▶ **Given material**:
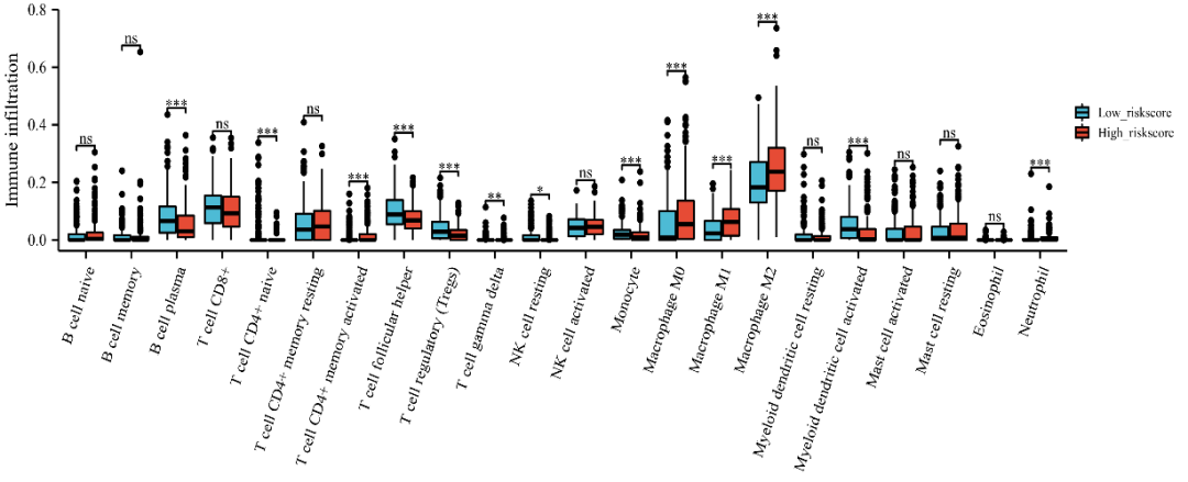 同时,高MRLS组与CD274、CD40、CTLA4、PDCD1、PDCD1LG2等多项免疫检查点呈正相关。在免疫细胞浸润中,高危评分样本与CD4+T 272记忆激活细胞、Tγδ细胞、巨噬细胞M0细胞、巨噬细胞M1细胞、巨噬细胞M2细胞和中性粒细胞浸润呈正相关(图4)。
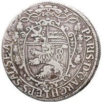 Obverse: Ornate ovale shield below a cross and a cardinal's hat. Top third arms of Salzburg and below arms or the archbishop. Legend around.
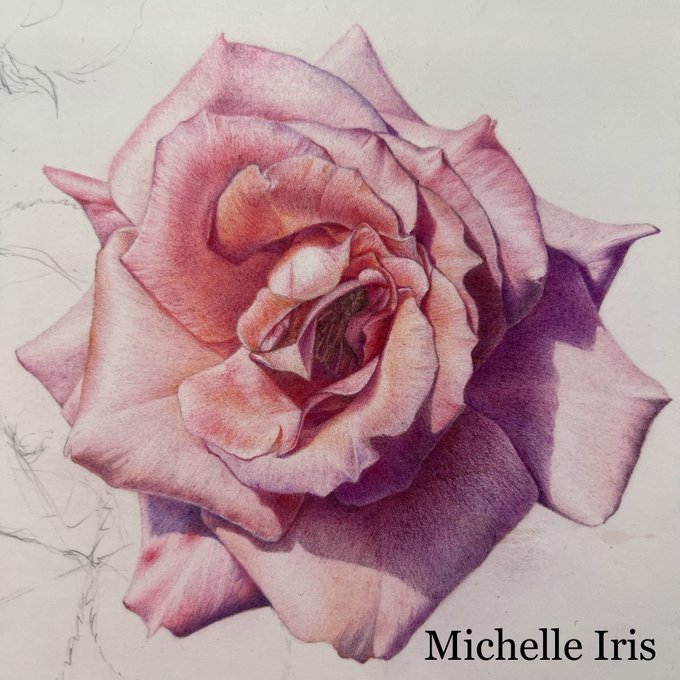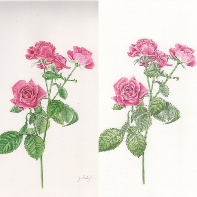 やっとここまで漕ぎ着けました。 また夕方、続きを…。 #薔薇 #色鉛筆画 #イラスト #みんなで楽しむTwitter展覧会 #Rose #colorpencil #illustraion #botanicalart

▶ **Exercise prompt**: Everything in the material except the pictures should be output verbatim.

▶ **Result for this task**:
 同时,高MRLS组与CD274、CD40、CTLA4、PDCD1、PDCD1LG2等多项免疫检查点呈正相关。在免疫细胞浸润中,高危评分样本与CD4+T 272记忆激活细胞、Tγδ细胞、巨噬细胞M0细胞、巨噬细胞M1细胞、巨噬细胞M2细胞和中性粒细胞浸润呈正相关(图4)。
 Obverse: Ornate ovale shield below a cross and a cardinal's hat. Top third arms of Salzburg and below arms or the archbishop. Legend around.
 やっとここまで漕ぎ着けました。 また夕方、続きを…。 #薔薇 #色鉛筆画 #イラスト #みんなで楽しむTwitter展覧会 #Rose #colorpencil #illustraion #botanicalart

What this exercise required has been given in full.